Would you please copy all of the data exactly, skipping the images?

(Beginning of Information provided)

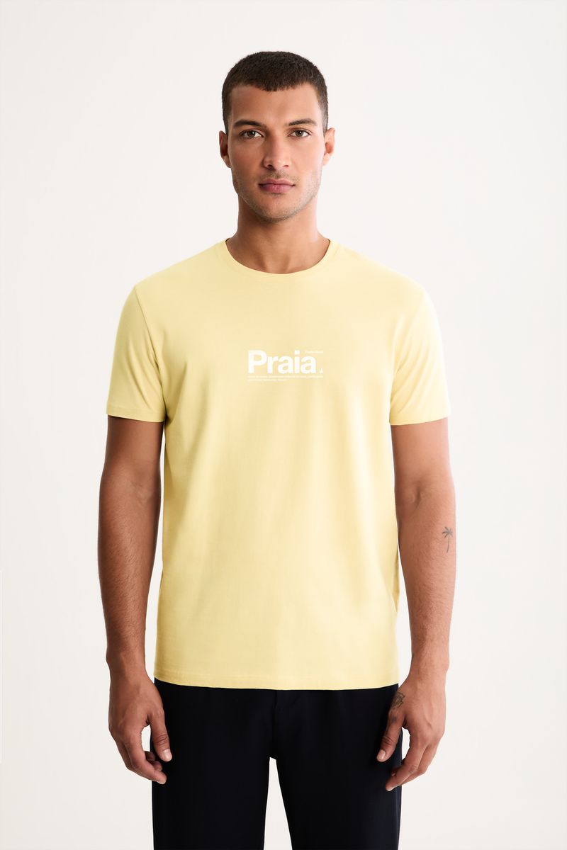 Camiseta Praia é confeccionada em malha com fio penteado de alta qualidade, 100% algodão, oferecendo toque macio e resistência para o dia a dia. O grafismo central com o nome Praia cria um ponto focal discreto e elegante, enquanto o acabamento de tingimento com corante reativo ajuda a manter a aparência após várias lavagens. O caimento regular proporciona conforto em qualquer momento.
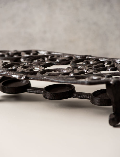 Entertain in style with our dish warming cast iron trivet. Made of sturdy cast iron with holders for 3 votive candles, it is both functional and decorative.
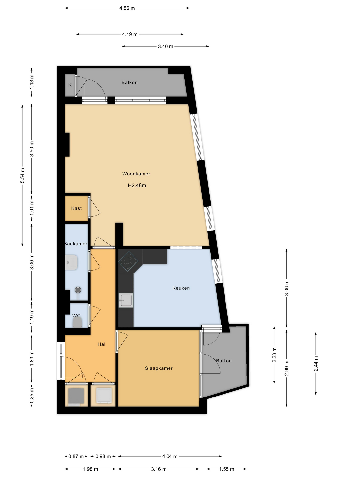 - Totaal kamers 2 kamers (1 slaapkamer)

(End of Information provided)

**Your solution:**
 Camiseta Praia é confeccionada em malha com fio penteado de alta qualidade, 100% algodão, oferecendo toque macio e resistência para o dia a dia. O grafismo central com o nome Praia cria um ponto focal discreto e elegante, enquanto o acabamento de tingimento com corante reativo ajuda a manter a aparência após várias lavagens. O caimento regular proporciona conforto em qualquer momento.
 Entertain in style with our dish warming cast iron trivet. Made of sturdy cast iron with holders for 3 votive candles, it is both functional and decorative.
 - Totaal kamers 2 kamers (1 slaapkamer)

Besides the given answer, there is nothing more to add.